If you live in Albany, Ga., Obamacare is giving you a raw deal.

A 27-year-old in Albany pays $395 a month for the second-cheapest silver health plan on Georgia’s federally run insurance marketplace. That is more than twice as much as the $154 a 27-year-old in Nashville would pay for the same type of policy, and almost three times as much as the $138 for a similar person in Tucson.

Across all 34 insurance marketplaces run by the federal government, the average is $287, about 25 percent cheaper. The reason for the higher prices in some markets? Paltry competition, say Leemore Dafny and Christopher Ody from Northwestern University, and Jonathan Gruber of the Massachusetts Institute of Technology. Albany, Ga., has only one insurer on the marketplace: WellPoint. By contrast, four insurance companies slug it out on Nashville’s exchange. In Tucson, there are eight.

Albany’s over-the-top premiums underscore one of the least-heralded shortcomings of the rollout of the Affordable Care Act: the scarcity of insurers on health plan exchanges, which is driving up the price of policies across the country.

The research by Ms. Dafny, Mr. Gruber and Mr. Ody, to be published by the National Bureau of Economic Research next week, concludes that premiums on the exchanges are 11 percent higher than they would be if all the health insurance companies that sell policies in each state had participated in the new markets for health plans.
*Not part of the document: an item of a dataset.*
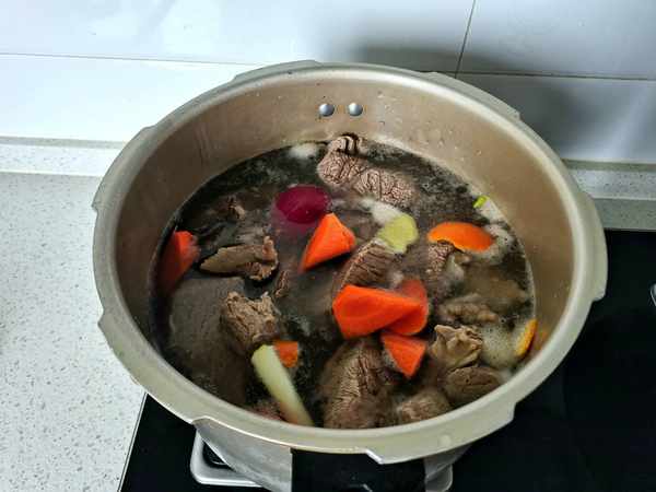 4、最後再放幾塊紅蘿卜、滴幾滴白酒,蓋上鍋蓋,燉20分鐘,這是高壓鍋,燉20分鐘就好,如果是普通煮鍋,大約要燉一個小時。
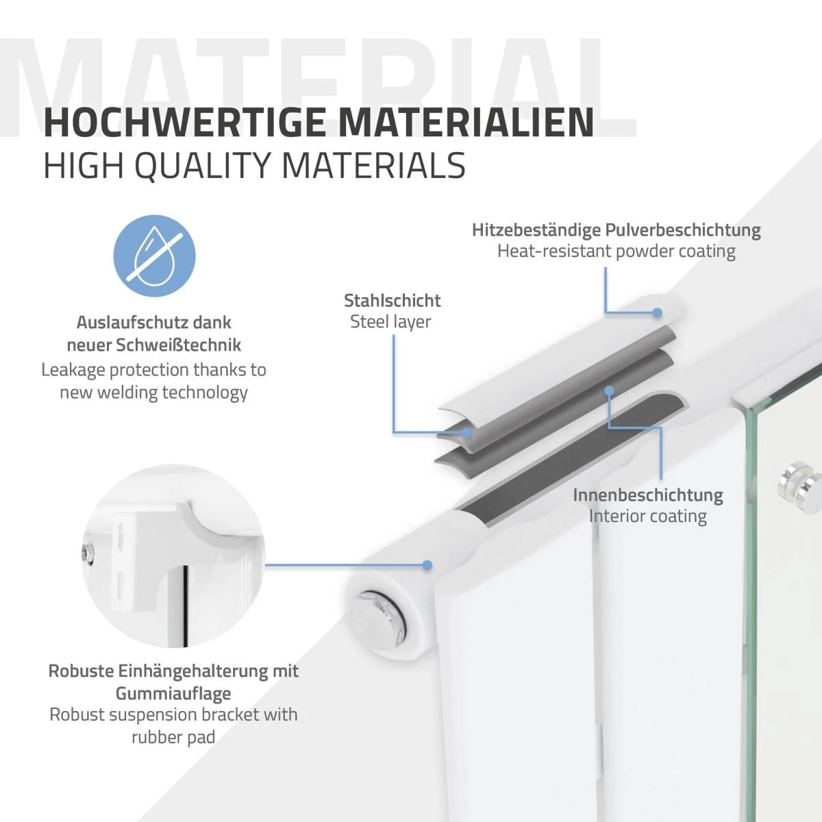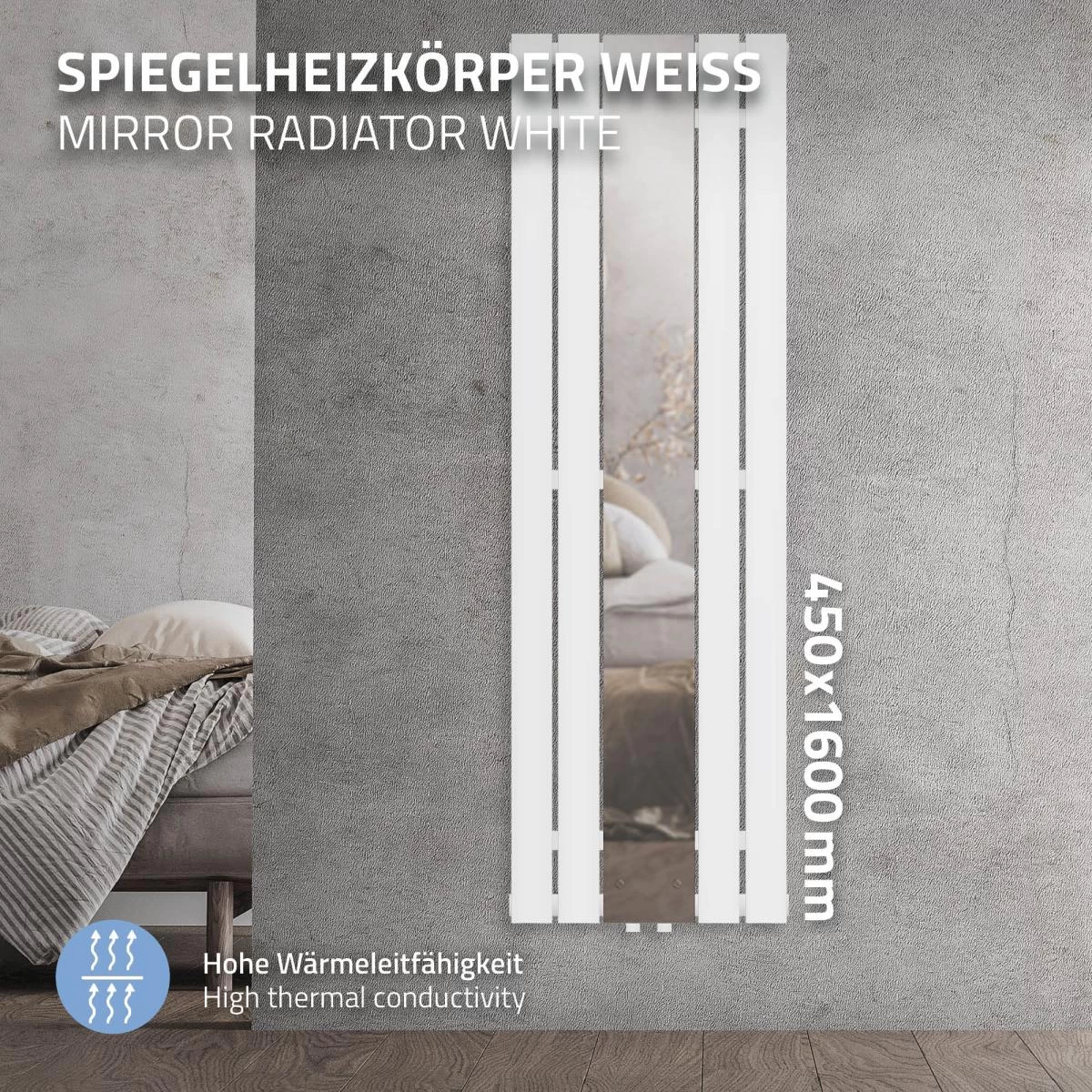 Points forts ML design modern living Radiateur de salle de bain plat avec miroir 1600×450 mm blanc ML-Design

More competition not only would lower premiums, but would also save governments money. The federal government alone would spend $1.7 billion less in subsidies to low- and middle-income Americans buying policies on the health care insurance exchanges.

“Half of the population in the states with health exchanges facilitated by the federal government is served by three insurers or fewer,” Ms. Dafny said. “To have competition on the exchanges you need competitors.”

The findings are somewhat perplexing, though. By law, 80 to 85 percent of premiums must be devoted to medical spending. Insurers don’t have particularly large profit margins. They have no great incentive to charge customers through the nose.

Still, as Ms. Dafny explains, in markets where there are few insurers competing for business, premiums could rise simply because insurers wouldn’t drive as hard a bargain with hospitals to reduce costs. They could raise premiums to meet hospitals’ demands, without losing customers to the competition.

Albany is unusual in another respect: It has only one hospital. In 2011, the Federal Trade Commission allowed the merger of Phoebe-Putney Health System and Palmyra Park Hospital, creating a local monopoly.

“A concentrated provider market may be a factor underlying the high premiums,” Ms. Dafny noted.